◆ WHAT IS NEEDED ◆
Quote only the span from the first line of the entries to the line containing "En plus d’être", both ends kept. Leave every picture out.

◆ TASK MATERIAL ◆
<<<<
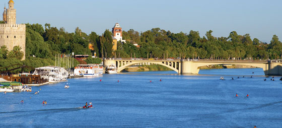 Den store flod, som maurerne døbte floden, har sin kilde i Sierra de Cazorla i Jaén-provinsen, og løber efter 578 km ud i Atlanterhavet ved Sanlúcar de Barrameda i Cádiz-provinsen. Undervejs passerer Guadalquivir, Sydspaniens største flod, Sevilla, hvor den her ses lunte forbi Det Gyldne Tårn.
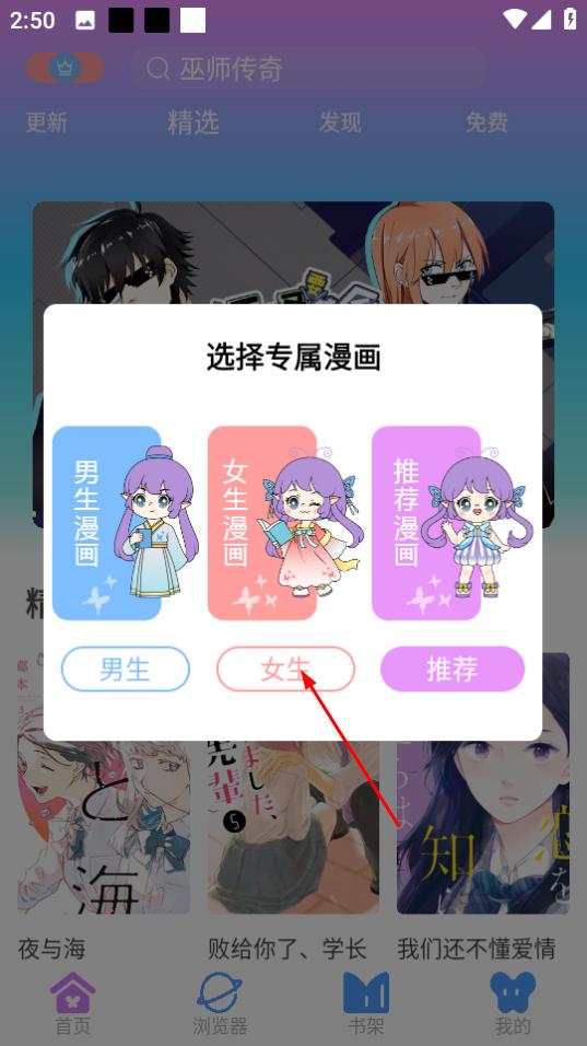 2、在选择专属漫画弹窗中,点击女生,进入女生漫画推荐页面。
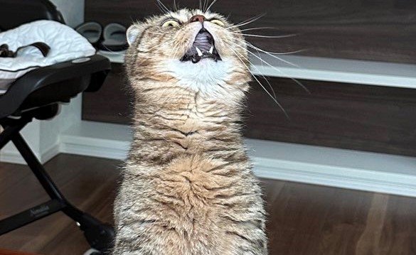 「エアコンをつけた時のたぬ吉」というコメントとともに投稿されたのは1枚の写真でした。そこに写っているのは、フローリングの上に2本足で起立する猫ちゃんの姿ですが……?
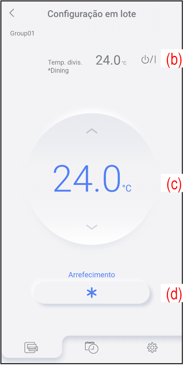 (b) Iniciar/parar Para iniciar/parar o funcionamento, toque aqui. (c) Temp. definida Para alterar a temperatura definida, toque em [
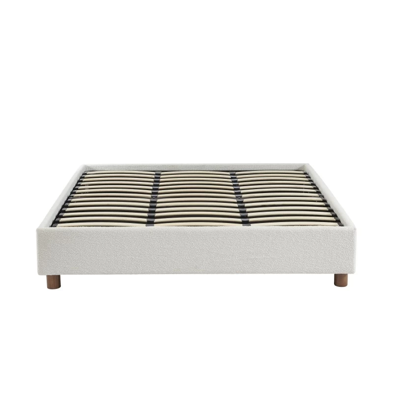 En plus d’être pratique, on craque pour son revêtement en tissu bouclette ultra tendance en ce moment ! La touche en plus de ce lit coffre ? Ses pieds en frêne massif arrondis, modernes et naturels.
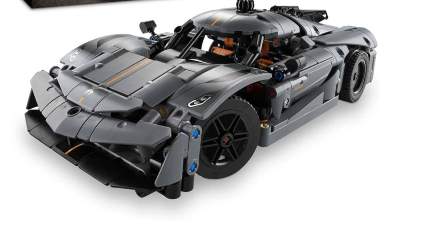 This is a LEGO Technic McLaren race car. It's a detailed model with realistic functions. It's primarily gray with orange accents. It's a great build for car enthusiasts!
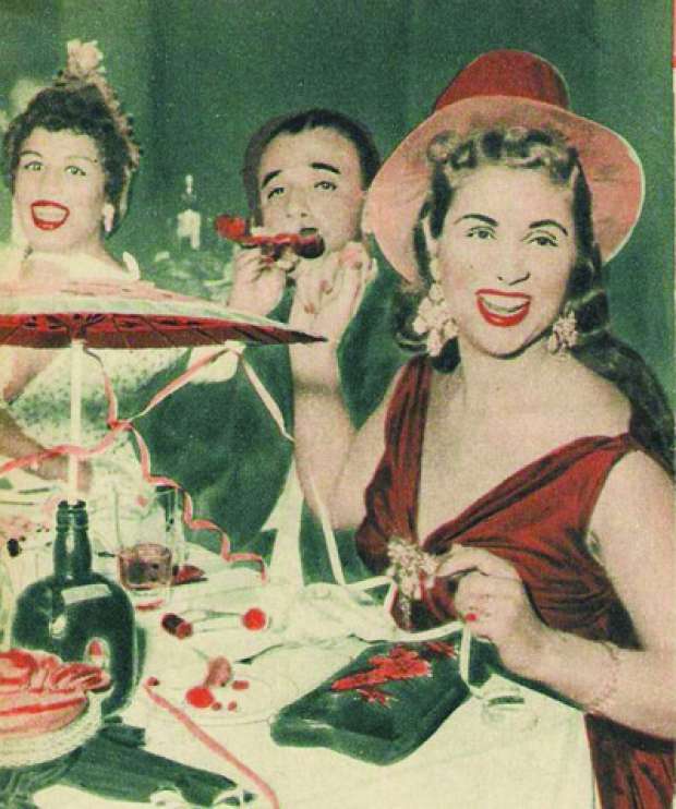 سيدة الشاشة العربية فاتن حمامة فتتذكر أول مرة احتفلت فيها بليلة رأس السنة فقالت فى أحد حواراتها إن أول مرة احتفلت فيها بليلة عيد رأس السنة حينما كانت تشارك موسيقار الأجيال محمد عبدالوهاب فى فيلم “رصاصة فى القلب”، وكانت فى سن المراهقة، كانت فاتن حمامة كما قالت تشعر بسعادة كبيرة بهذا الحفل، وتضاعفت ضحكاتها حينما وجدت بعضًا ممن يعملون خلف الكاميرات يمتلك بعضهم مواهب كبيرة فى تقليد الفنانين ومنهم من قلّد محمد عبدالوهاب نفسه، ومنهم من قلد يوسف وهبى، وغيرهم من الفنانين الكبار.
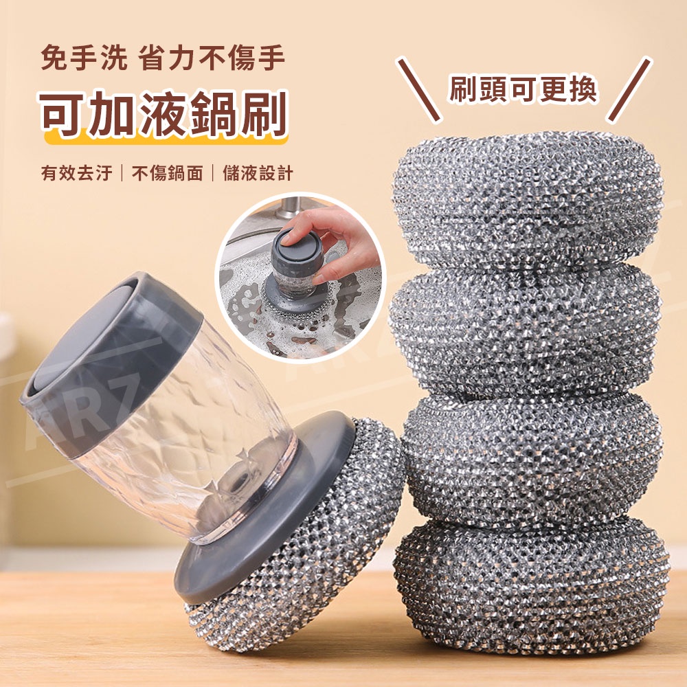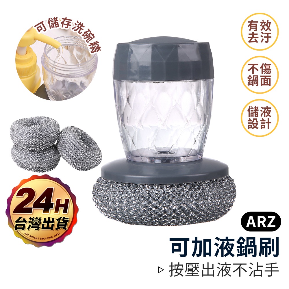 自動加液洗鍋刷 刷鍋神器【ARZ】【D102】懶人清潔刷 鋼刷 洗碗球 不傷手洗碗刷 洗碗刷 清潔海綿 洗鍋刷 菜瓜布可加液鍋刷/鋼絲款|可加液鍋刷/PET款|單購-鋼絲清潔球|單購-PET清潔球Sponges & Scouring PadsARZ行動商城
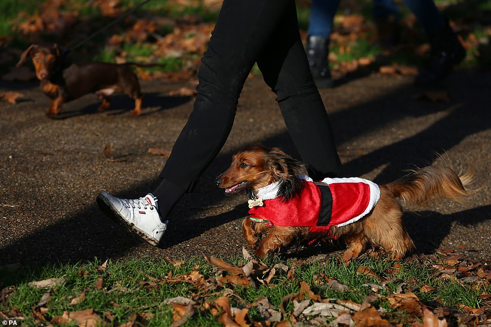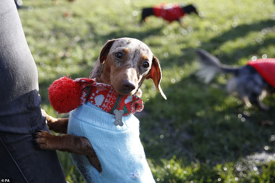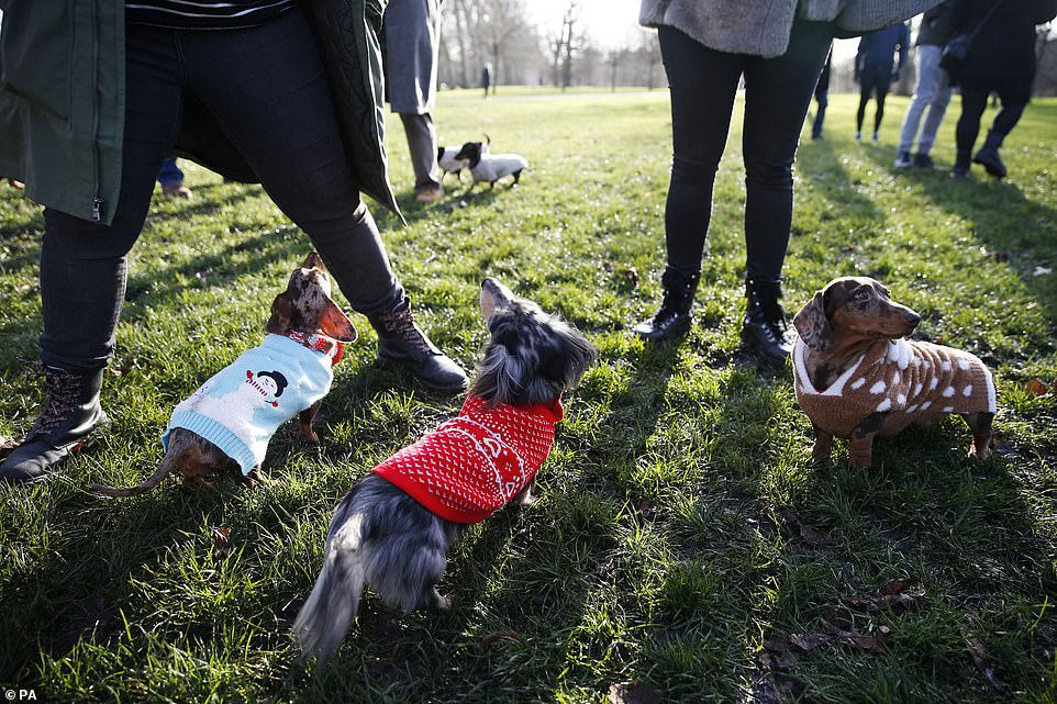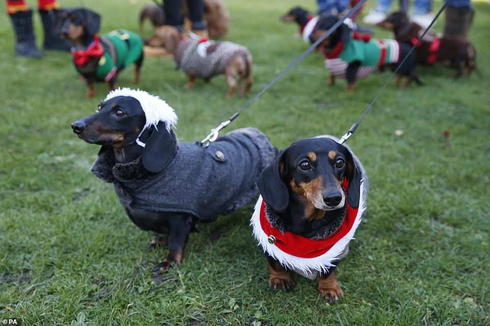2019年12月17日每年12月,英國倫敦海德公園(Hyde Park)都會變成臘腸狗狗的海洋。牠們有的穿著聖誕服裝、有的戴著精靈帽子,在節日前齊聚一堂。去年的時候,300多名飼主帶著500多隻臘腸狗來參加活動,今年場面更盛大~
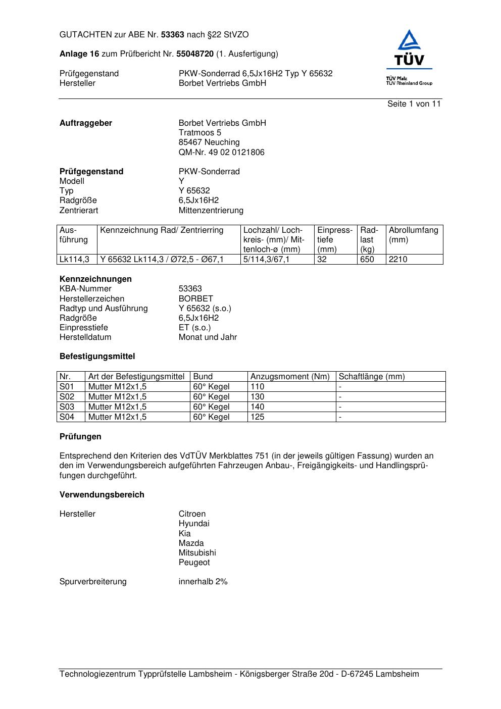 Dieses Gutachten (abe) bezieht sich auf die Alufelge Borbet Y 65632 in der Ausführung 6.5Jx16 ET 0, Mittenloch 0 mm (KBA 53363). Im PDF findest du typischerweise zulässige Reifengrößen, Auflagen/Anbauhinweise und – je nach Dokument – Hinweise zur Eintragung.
>>>>
◆ WORKED SOLUTION ◆
 Den store flod, som maurerne døbte floden, har sin kilde i Sierra de Cazorla i Jaén-provinsen, og løber efter 578 km ud i Atlanterhavet ved Sanlúcar de Barrameda i Cádiz-provinsen. Undervejs passerer Guadalquivir, Sydspaniens største flod, Sevilla, hvor den her ses lunte forbi Det Gyldne Tårn.
 2、在选择专属漫画弹窗中,点击女生,进入女生漫画推荐页面。
 「エアコンをつけた時のたぬ吉」というコメントとともに投稿されたのは1枚の写真でした。そこに写っているのは、フローリングの上に2本足で起立する猫ちゃんの姿ですが……?
 (b) Iniciar/parar Para iniciar/parar o funcionamento, toque aqui. (c) Temp. definida Para alterar a temperatura definida, toque em [
 En plus d’être pratique, on craque pour son revêtement en tissu bouclette ultra tendance en ce moment ! La touche en plus de ce lit coffre ? Ses pieds en frêne massif arrondis, modernes et naturels.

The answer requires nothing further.